Chapter 35 — Key Takeaways

The big idea

Distributed databases spread data across machines for availability, read scaling, geography, and scale beyond one server — but distribution forces a fundamental trade-off (CAP) a single server never faces. Distribute for a concrete need, not prematurely.

Replication (copies of the data)

  • Primary-replica: primary accepts writes; replicas serve reads + enable failover (HA). PostgreSQL streams the WAL (Ch. 28).
  • Sync (no loss, slower) vs async (fast, slight lag, possible small loss on failover).
  • Scales reads and provides HA — not writes. The highest-leverage first step. (Case Study 1.)

Sharding (splits the data)

  • Each shard holds a subset of rows on a different node — partitioning (Ch. 25) across machines.

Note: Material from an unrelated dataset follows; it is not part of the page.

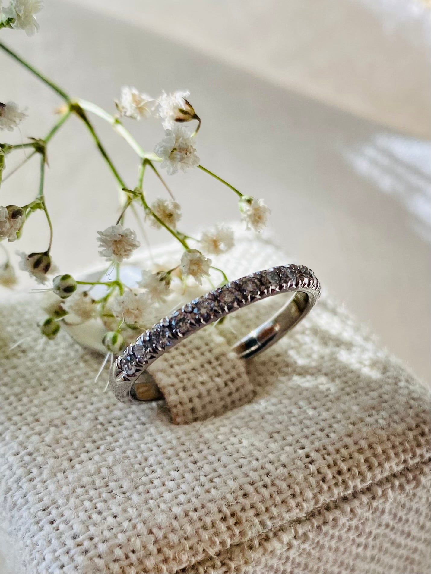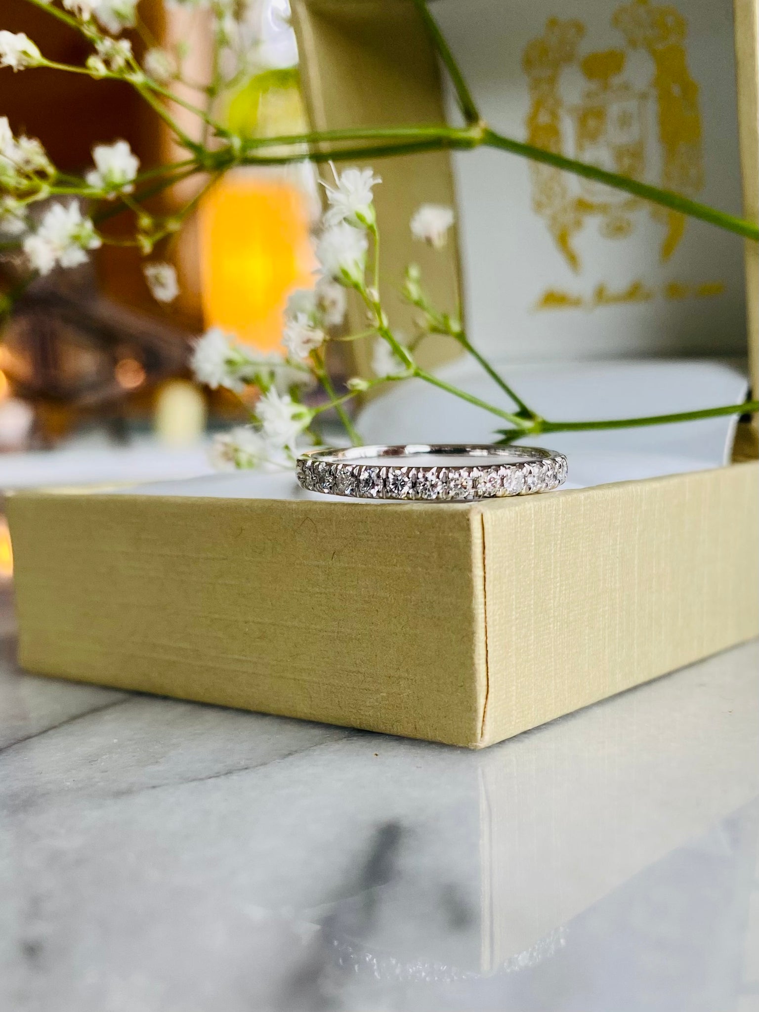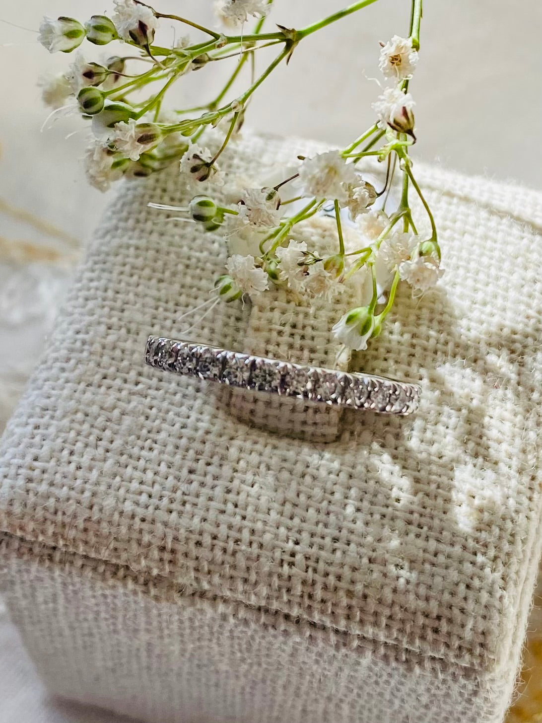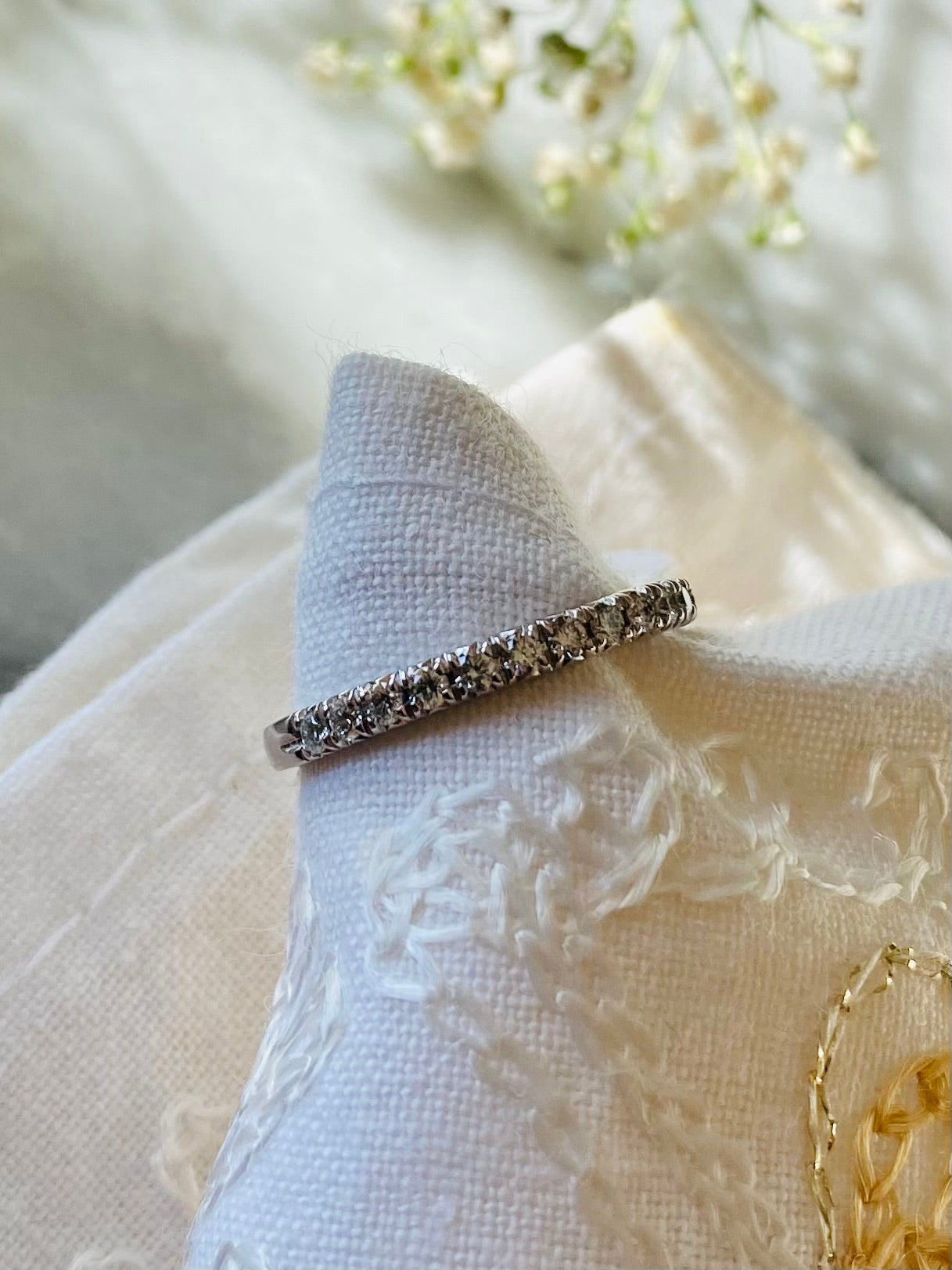 14k white gold diamond band with 15 full cut diamonds with a total carat weight of 0.33cts.

Scales writes/storage beyond one machine.
  • Hard: cross-shard queries/transactions are slow/complex; shard-key choice is critical (hot spots); rebalancing is painful.
  • Last resort — don't shard prematurely. (Case Study 2: sharded before they needed to → two years of needless complexity.)

The CAP theorem

  • During an inevitable network partition, you get at most 2 of Consistency, Availability, Partition-tolerance. P is mandatory → real choice is C vs A.
  • CP (consistent, may be unavailable) for correctness-critical data (balances, inventory); AP (available, possibly stale) for uptime-critical data (feeds, carts).
  • Eventual consistency = converge eventually; match it to data that tolerates staleness.

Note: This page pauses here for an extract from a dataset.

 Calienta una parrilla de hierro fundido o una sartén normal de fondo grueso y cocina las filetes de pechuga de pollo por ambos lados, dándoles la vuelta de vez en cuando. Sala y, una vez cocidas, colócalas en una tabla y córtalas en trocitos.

Distributed transactions & NewSQL

  • 2PC (two-phase commit) is slow/fragile → keep transactions within a shard.
  • NewSQL (Spanner, CockroachDB, YugabyteDB) = distributed scale + relational/ACID via consensus (Raft/Paxos). The "have it all," with latency cost.

Managed cloud + when to distribute

  • Managed PostgreSQL (RDS/Cloud SQL/Aurora) + read replicas is the right default — HA and read scaling without operating the machinery.
  • Escalation order: one server → tune/index → read replicas → (only on measured need) sharding/NewSQL.

Common mistakes

Premature sharding (Case Study 2); ignoring CAP; eventual consistency for data needing strong consistency; routine cross-shard queries/transactions; a bad shard key.

You can now…

  • ☐ Explain why/when to distribute, and replication vs sharding trade-offs.
  • ☐ State CAP and choose CP/AP per data.
  • ☐ Explain eventual consistency and 2PC difficulty.
  • ☐ Place NewSQL and managed cloud DBs; resist premature distribution.

Looking ahead

Chapter 36 — Specialized Databases. The right tool for unusual data: time-series, vector (AI embeddings), spatial, and search — plus PostgreSQL's extensions for each.

One sentence to carry forward: Reach for read replicas first (they solve most scaling and availability needs simply), shard or go NewSQL only on measured need, and remember that distribution forces a real consistency-vs-availability choice (CAP) you must make deliberately.